--- Exercise input ---
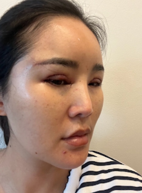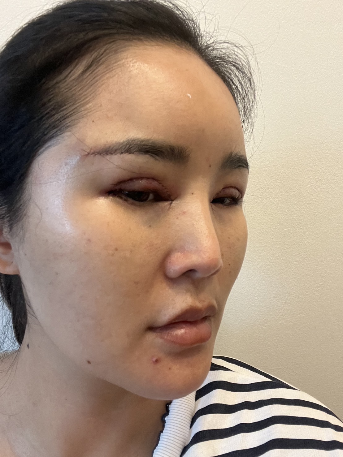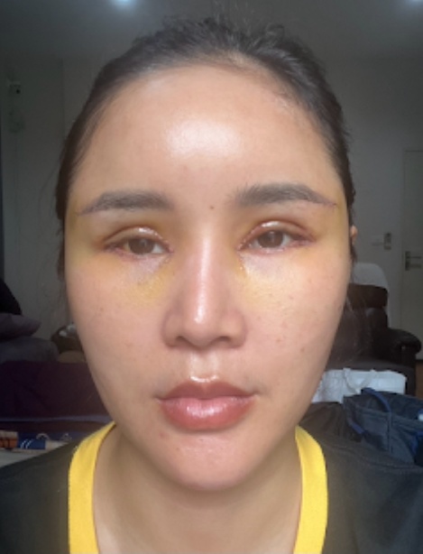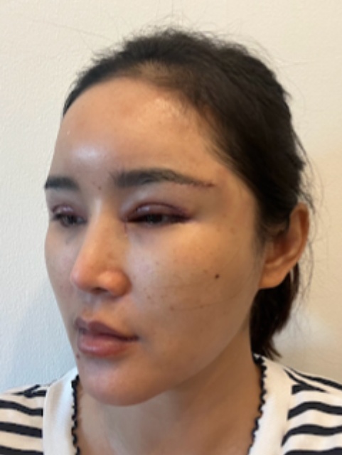 หลังทำเสร็จใหม่ ๆ จากภาพจะเห็นอาการบวมค่อนข้างชัด ซึ่งเป็นเรื่องปกติของการผ่าตัดหลายจุดพร้อมกัน แต่สิ่งที่เห็นได้ทันทีคือ ยกขึ้น หางตาเปิด และพื้นที่ดวงตาดูโล่งขึ้นอย่างชัดเจน แม้ยังบวมอยู่ แต่รูปตาโดยรวมดูยาวขึ้น และตาไม่ถูกกดเหมือนก่อนทำ ภาพนี้ทำให้รู้สึกว่าโครงสร้างตาถูกแก้ตรงจุดจริง ๆ
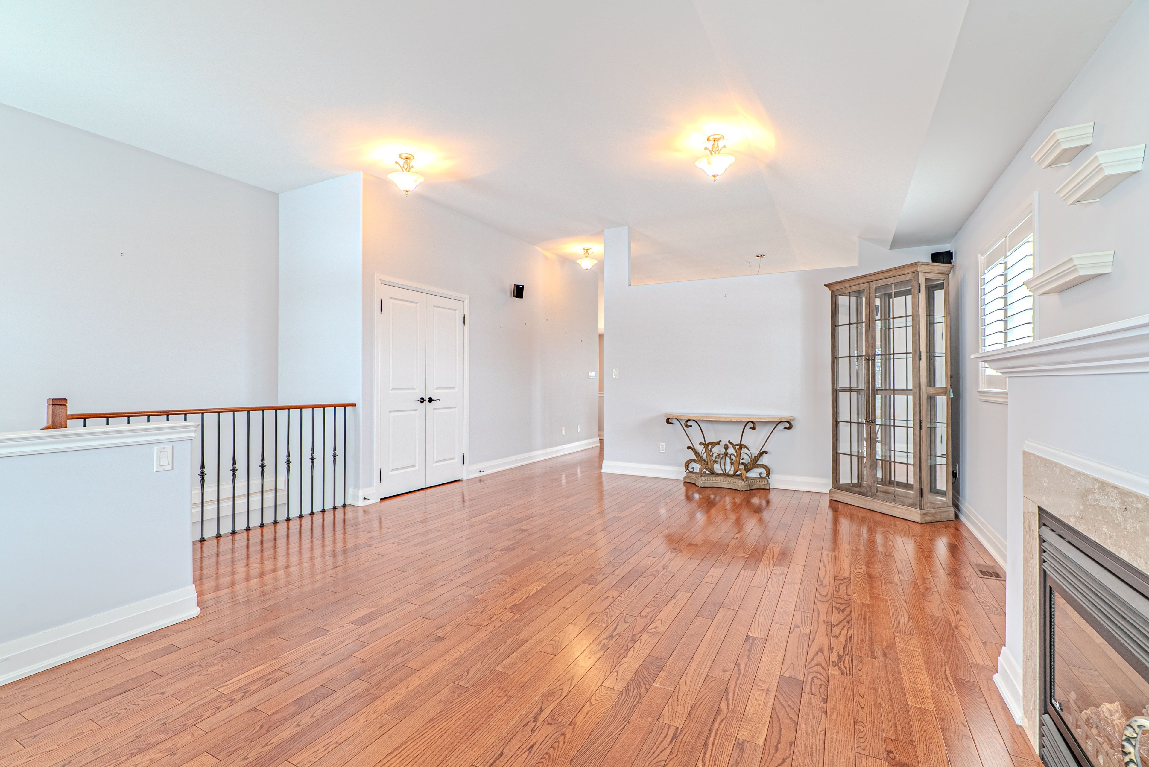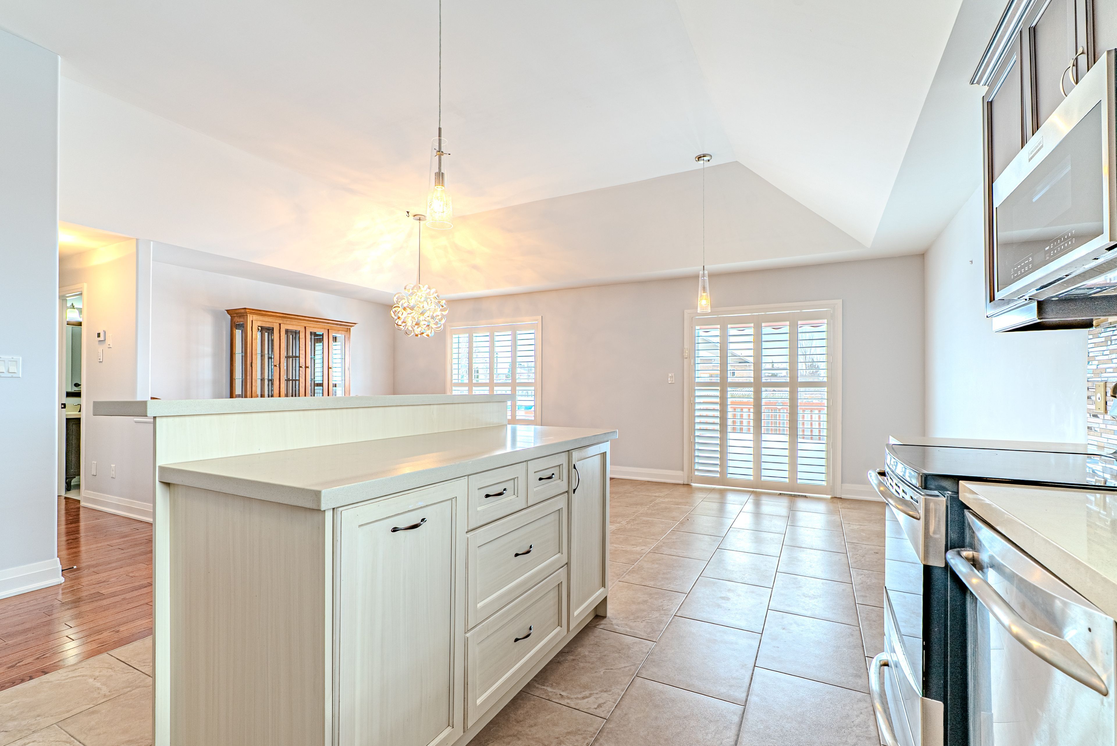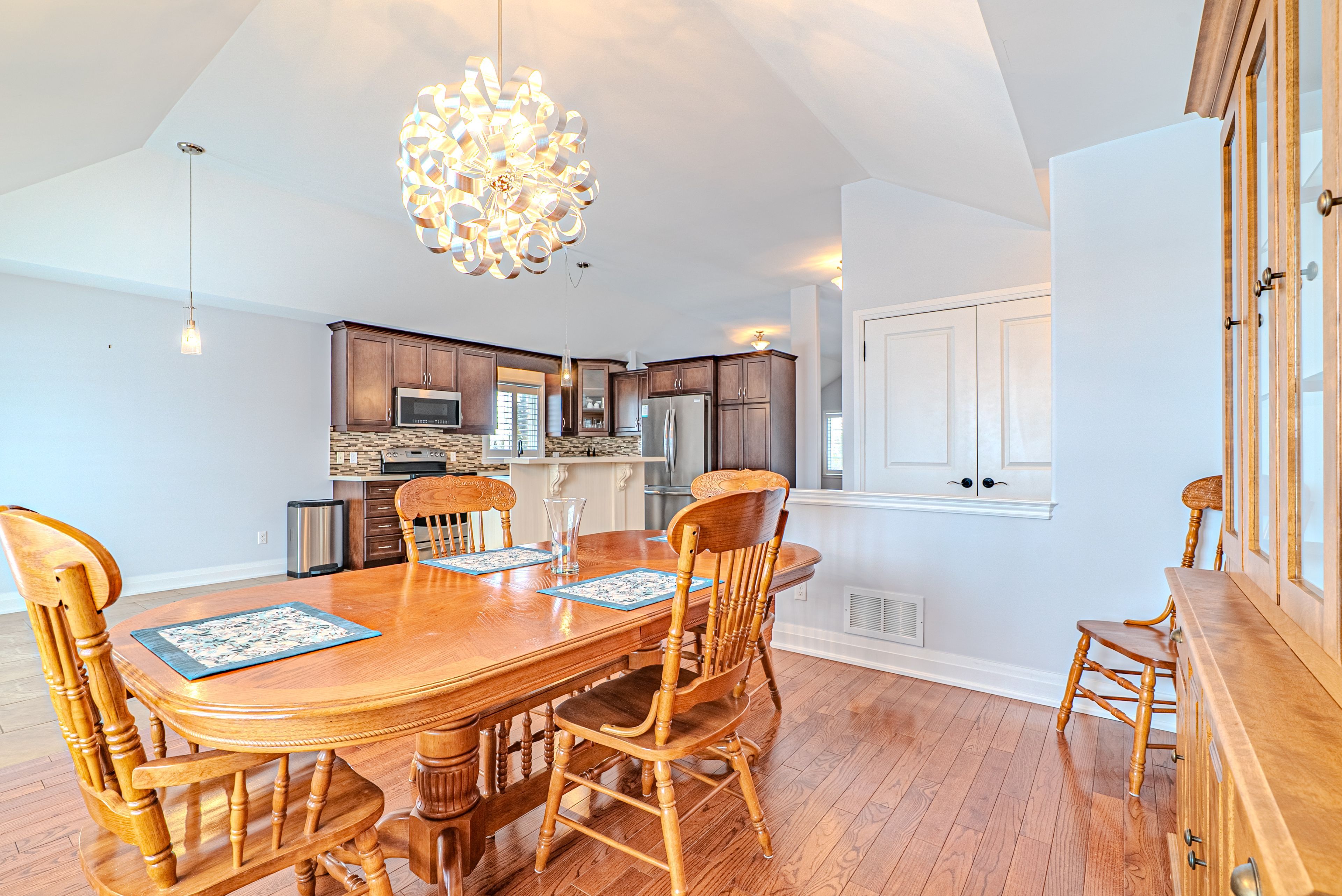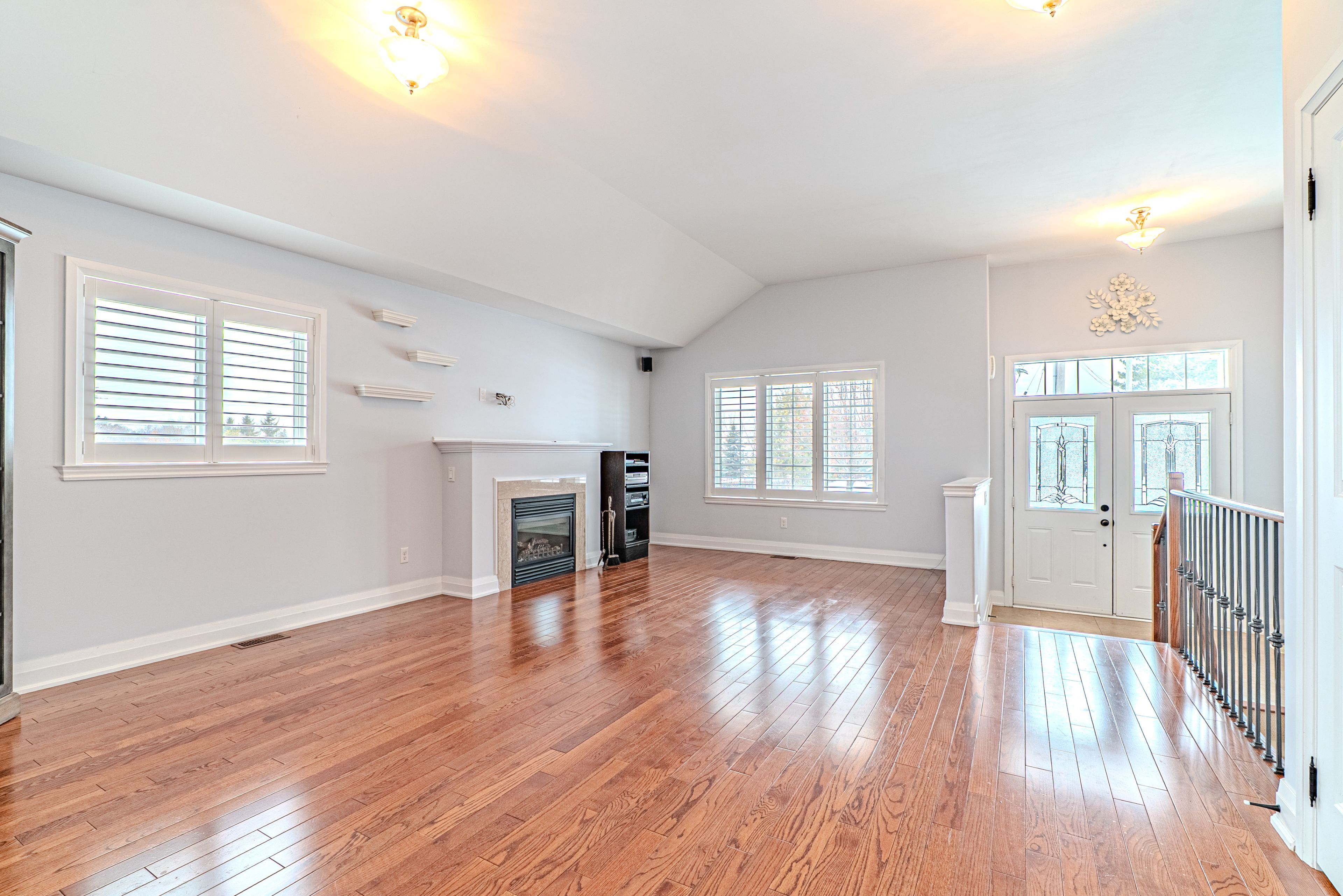 • Modern open concept design with vaulted ceilings and hardwood flooring.
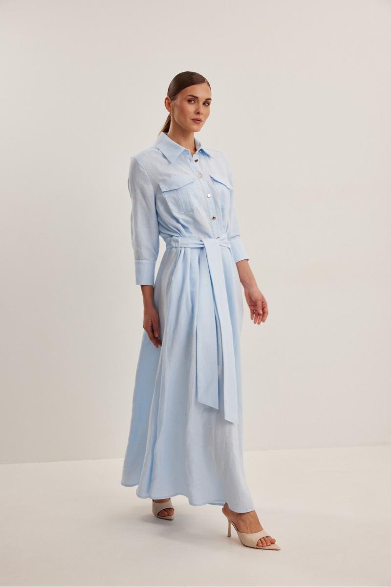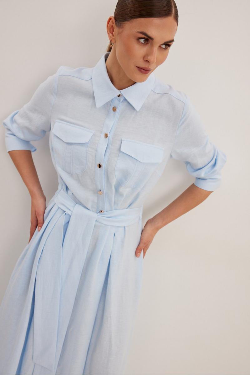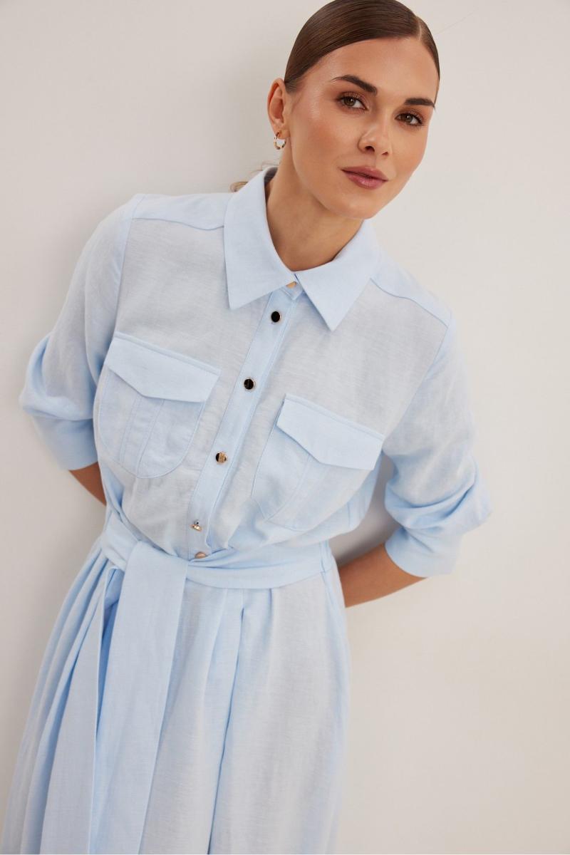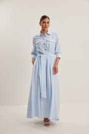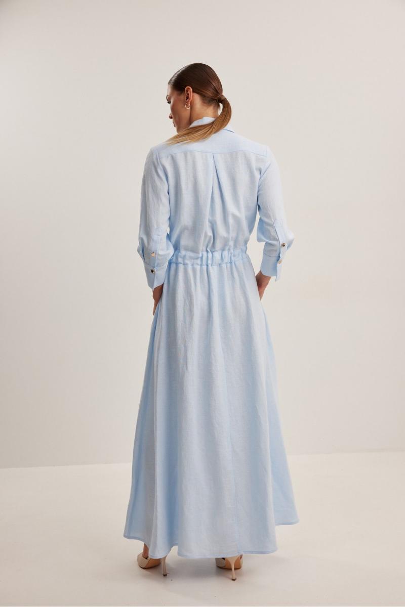 Платье женское , приталенного силуэта .Выполнено из смесового льна.Рукав втачной одношовный с манжетой и шлицей .Застежка центральная в виде планки на петли и пуговицы .Сзади по талии кулиса с резинкой,в боковые швы пришит пояс . Платье расширено к низу , отрезное по линии талии .В боковых швах функциональные карманы .
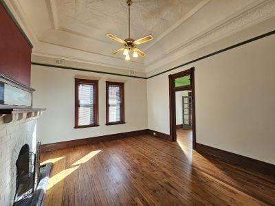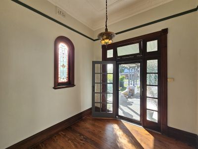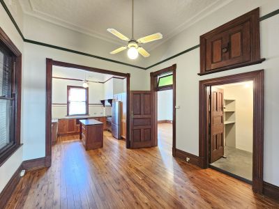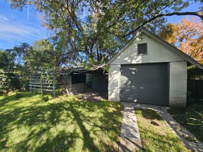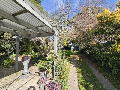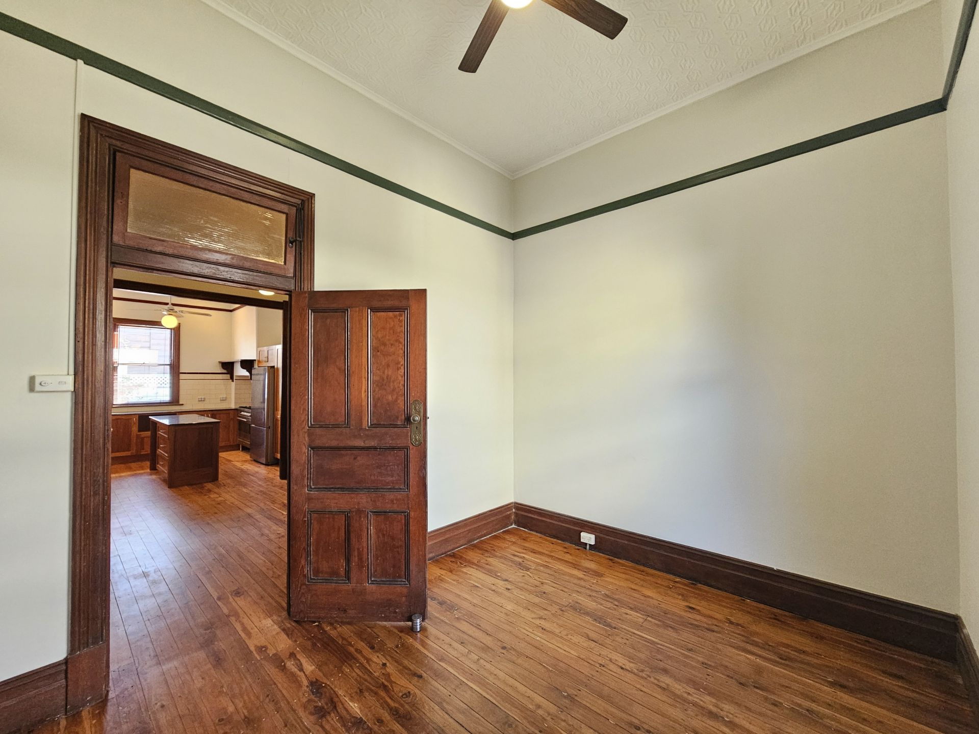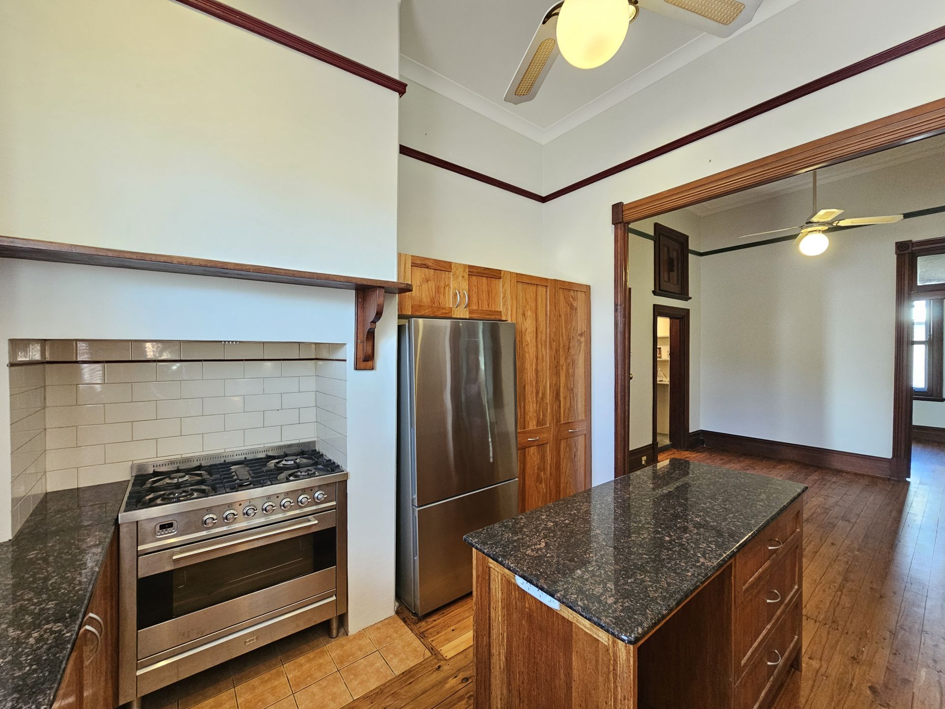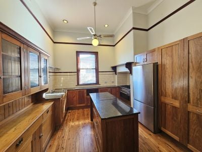 Surrounded by classic homes, this timeless residence is rich in character and perfectly positioned just moments from the Public School, TAFE and a short walik to the main street and CBD. Step inside and be captivated by the home's charm, where soaring pressed metal ceilings, original hardwood flooring and ornate fireplaces set the scene for a warm and inviting home. Timber kitchen featuring an island bench, pull-out pantry and stainless-steel oven with gas cooktop. The adjoining dining area includes a walk-in storage cupboard, with the two ceiling fans creating a comfortable space for family meals. The spacious lounge room is located at the front of the home, this elegant room boasts an original decorative fireplace, ceiling fan and a walk-in linen/storage cupboard close by for added convenience. A separate rear living space with new laminate flooring, pitched roof, ceiling fan, split-system air conditioning and serene views of the backyard through classic sash windows. The main bathroom features a corner spa bath, while the internal laundry includes an additional 2nd bathroom. Two bedrooms offer built-in robes, while the master bedroom enjoys direct access to a small studio with plumbing and external access-perfect for a creative space, home office or potential ensuite conversion. Previously set up with a home business attached to residence. This room can also be used as the 4th bedroom. Level block with established gardens, large covered front porch for entertaining and detached single garage with lean to at the rear of the block. This charming home seamlessly blends vintage character with modern comfort, making it an ideal choice for those seeking a unique and welcoming residence in a sought-after location.
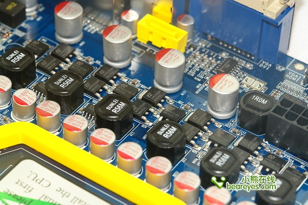 悍马HA07所采用的铝壳固态电容具有低阻抗、高低温稳定、耐高纹波及高信赖度等优越特性,对于超频有着至关重要的作用。此电容工作适应温度为-55——105度,阻抗在100MHz环境下低于10毫欧,在105度的严酷环境下可以连续工作达4W小时以上。
---
Repeat the records above exactly. No pictures go into the repeat.

 หลังทำเสร็จใหม่ ๆ จากภาพจะเห็นอาการบวมค่อนข้างชัด ซึ่งเป็นเรื่องปกติของการผ่าตัดหลายจุดพร้อมกัน แต่สิ่งที่เห็นได้ทันทีคือ ยกขึ้น หางตาเปิด และพื้นที่ดวงตาดูโล่งขึ้นอย่างชัดเจน แม้ยังบวมอยู่ แต่รูปตาโดยรวมดูยาวขึ้น และตาไม่ถูกกดเหมือนก่อนทำ ภาพนี้ทำให้รู้สึกว่าโครงสร้างตาถูกแก้ตรงจุดจริง ๆ
 • Modern open concept design with vaulted ceilings and hardwood flooring.
 Платье женское , приталенного силуэта .Выполнено из смесового льна.Рукав втачной одношовный с манжетой и шлицей .Застежка центральная в виде планки на петли и пуговицы .Сзади по талии кулиса с резинкой,в боковые швы пришит пояс . Платье расширено к низу , отрезное по линии талии .В боковых швах функциональные карманы .
 Surrounded by classic homes, this timeless residence is rich in character and perfectly positioned just moments from the Public School, TAFE and a short walik to the main street and CBD. Step inside and be captivated by the home's charm, where soaring pressed metal ceilings, original hardwood flooring and ornate fireplaces set the scene for a warm and inviting home. Timber kitchen featuring an island bench, pull-out pantry and stainless-steel oven with gas cooktop. The adjoining dining area includes a walk-in storage cupboard, with the two ceiling fans creating a comfortable space for family meals. The spacious lounge room is located at the front of the home, this elegant room boasts an original decorative fireplace, ceiling fan and a walk-in linen/storage cupboard close by for added convenience. A separate rear living space with new laminate flooring, pitched roof, ceiling fan, split-system air conditioning and serene views of the backyard through classic sash windows. The main bathroom features a corner spa bath, while the internal laundry includes an additional 2nd bathroom. Two bedrooms offer built-in robes, while the master bedroom enjoys direct access to a small studio with plumbing and external access-perfect for a creative space, home office or potential ensuite conversion. Previously set up with a home business attached to residence. This room can also be used as the 4th bedroom. Level block with established gardens, large covered front porch for entertaining and detached single garage with lean to at the rear of the block. This charming home seamlessly blends vintage character with modern comfort, making it an ideal choice for those seeking a unique and welcoming residence in a sought-after location.
 悍马HA07所采用的铝壳固态电容具有低阻抗、高低温稳定、耐高纹波及高信赖度等优越特性,对于超频有着至关重要的作用。此电容工作适应温度为-55——105度,阻抗在100MHz环境下低于10毫欧,在105度的严酷环境下可以连续工作达4W小时以上。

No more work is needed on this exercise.